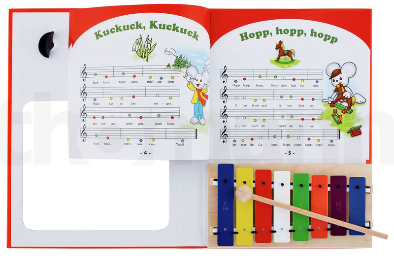 Metallophonbuch - Musizieren nach bunten Noten, ab 3 Jahren Mit diesem farbig illustrierten Liederbuch soll der kleine Musikant ab 3 Jahre die Möglichkeit erhalten, spielend leicht das Notensystem zu erlernen. Sobald das Kind gelernt hat, Farben zu unterscheiden, kann es mit Hilfe des 8-tönigen Metallophones zunächst nach bunten Ringen, dann nach bunten Noten und schließlich nach gesetzten Noten Lieder spielen lernen. - Klangrein gestimmt
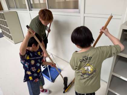 体力テストで協力して仲良くなれたのもあってか、昨日までの掃除に比べて、さらに協力して掃除ができていました。
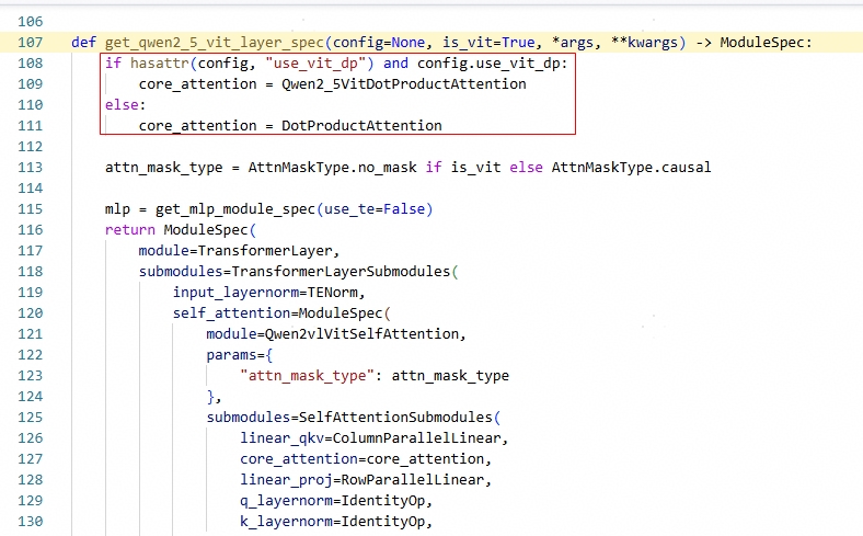 | Qwen2_5VitDotProductAttention替换DotProductAttention,实现ViT和LLM CP隔离:

** THE PROBLEM **
Here the job is to print all the data exactly, skipping any image.

** EXERCISE SOLUTION **
 Metallophonbuch - Musizieren nach bunten Noten, ab 3 Jahren Mit diesem farbig illustrierten Liederbuch soll der kleine Musikant ab 3 Jahre die Möglichkeit erhalten, spielend leicht das Notensystem zu erlernen. Sobald das Kind gelernt hat, Farben zu unterscheiden, kann es mit Hilfe des 8-tönigen Metallophones zunächst nach bunten Ringen, dann nach bunten Noten und schließlich nach gesetzten Noten Lieder spielen lernen. - Klangrein gestimmt
 体力テストで協力して仲良くなれたのもあってか、昨日までの掃除に比べて、さらに協力して掃除ができていました。
 | Qwen2_5VitDotProductAttention替换DotProductAttention,实现ViT和LLM CP隔离:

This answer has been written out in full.